For example, the overproduction of cotton caused by the invention of the ginning machine periodically created economic panics in the United States in the 19th century. This overproduction of cotton was due to the excess of consumer demand over production demand. To make matters worse, the increased supply of cotton has led to a sharp drop in the price of cotton to less than half of its previous price. Obviously, the production cost was much higher than the selling price. Therefore, cotton traders, especially those with large stocks, suffered losses, and some even went bankrupt. According to proponents of underconsumption, this was the main reason that the economy went into crisis.
Underconsumption advocates believe that while a free market can provide a high standard of living, it cannot prevent economic crises from erupting. Depression is the inevitable price society pays for a high standard of living.
In terms of insufficient consumption, the free market will always face the problem of periodic overproduction. The reason is that in a capitalist free market, capitalists will use their capital to produce as many consumer goods as possible.
The production of consumer goods is carried out to make a profit, which is made up of the difference between the selling price and the cost of production. But since the supply of consumer goods is very elastic, production costs have little effect on the selling price. Consequently, an increase in supply leads to a sharp decrease in the selling price of consumer goods.
Due to overproduction of consumer goods, the selling price is likely to fall well below cost. Even if capitalists could make a profit by producing consumer goods, falling selling prices for consumer goods would force them not to invest in their production.
This situation is called underconsumption. Therefore, underconsumption advocates believe that periodic economic crises are inevitable in a free market economy due to insufficient consumption of consumer goods.
Overproduction or underproduction in a free market economy is associated with the production of consumer goods for profit. On the contrary, underconsumption is the overproduction of manufactured goods for profit.
A free market economy is assumed to be free from government interference; So, if the government does not intervene, then what causes the periodic overproduction of manufactured goods?
The reason the free market faces periodic overproduction of manufactured goods is because the overproduction of consumer goods sets in motion an increase in demand for manufactured goods.
For example, to keep up with the increase in cotton fabric production, a person will need to buy more sewing machines in order to produce more cotton fabric. In addition, he would also like to replace his old sewing machine with a newer and more powerful one.
The increased demand for industrial goods was the result of an increase in the supply of consumer goods. Since the supply of manufactured goods is always inelastic, manufactured goods will be sold at high prices. This, in turn, will encourage manufacturers to invest in more manufactured goods at the expense of consumer goods.
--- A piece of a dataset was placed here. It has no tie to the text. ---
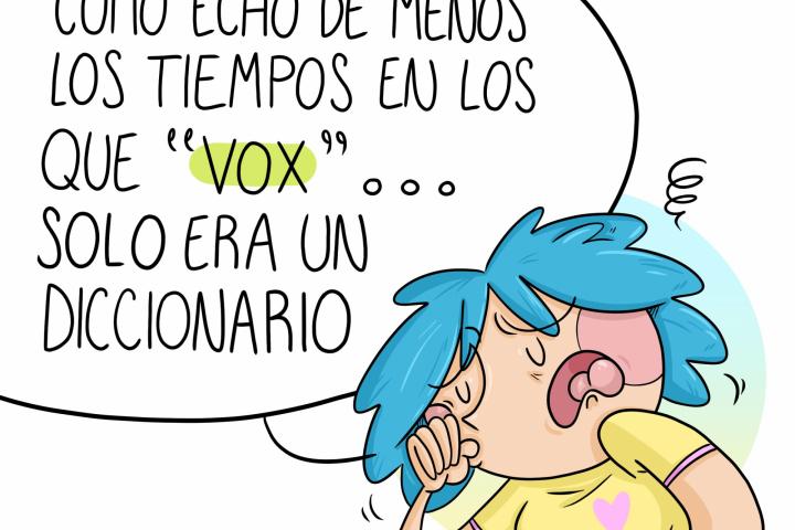 Cómo echo de menos los tiempos en los que "vox"... solo era un diccionarioUna viñeta de Sara Jotabé. Sara Jotabé 28/04/2021 a las 15:43 Facebook Twitter Whatsapp Email síguenos en Sara Jotabé Sara Jotabé viñetas Opinión vox elecciones madrid Un proyecto de Un proyecto de El vínculo que une esta estrella del fútbol femenino y un mito del Real Madrid (y su emotivo reencuentro) Newsletter Recibe las notificaciones más importantes en tu correoapúntate a nuestro boletín Últimas noticias Lucía Casal, 22 años, lleva una ganadería de 500 terneros y sufrió bullying en el instituto por subir fotos con vacas: "Me decían que no me lavaba" Tercera subasta desierta en San Sebastián: intentan vender un piso de 75 metros cuadrados por 200.000 euros pero solo ofrece dos tercios de la propiedad Un presidente se reúne con Trump y confirma al 'New York Times' todas las sospechas: "Está verdaderamente desinformado" Pocos conocen la señal de tráfico S‑991c de la DGT, pero no respetarla puede costarte 200 euros y 4 puntos En 'Le Monde' retratan la red de agitadores de extrema derecha acreditados en el Congreso: "Si nos echan iremos a la calle y será más complicado y más agresivo" Los turcos alucinan con el parecido de uno de sus deportistas más importantes con un ministro español: hasta él lo comenta No solo Rosalía: qué ha pasado para que no se hable del feminismo como se hacía en el 8M de 2018 Encina, 65 años, hija del pionero del vaquero en Ponferrada: "En los 70 era la locura absoluta, todo el mundo quería uno" Ben Stiller desmonta la última 'película' de la Casa Blanca con un mensaje de premio El pub más remoto de Nueva Zelanda está en una 'república' autoproclamada de 20 habitantes donde te sellan el pasaporte por 2 dólares: una familia acaba de comprarlo para criar ahí a sus hijos

Due to the overproduction of one, we get an underproduction of something else. When one is underproduced, we get an overproduction of the other. Note the roundness of this line of reasoning. The dynamic flow and flow of this situation underlies the equilibrium of the free market.
Free market equilibrium
A free market comes into balance when bad breeds good. Thus, the market is like nature, where the bad ultimately trumps the good. Some people in the free market may initially make mistakes in judgment, but over time, these mistakes are eventually replaced by good decisions from others. It is just a trial and error process that led to the development of civilization.
The free market is like a giant laboratory where mistakes are experiments. The market is not perfect, but it is better than anything that a person could create on their own.
The free market has no intelligence of its own, but it has the best intelligence available to humans. Perhaps the best way to describe the free market is that it is a “self-generating fractal pattern.”
Fractals are infinitely repeating patterns, and the free market is the most interesting self-generating fractal pattern I know of. The models that can be found on the free market are beautiful and will be appreciated by future generations.
In a free market, people are encouraged to make the best possible solution, but the best solution is not guaranteed. The free market is like the machine that gives the best answer, but there is always a chance that the machine will fail and give the worst result. Even rich people are not immune from these faults!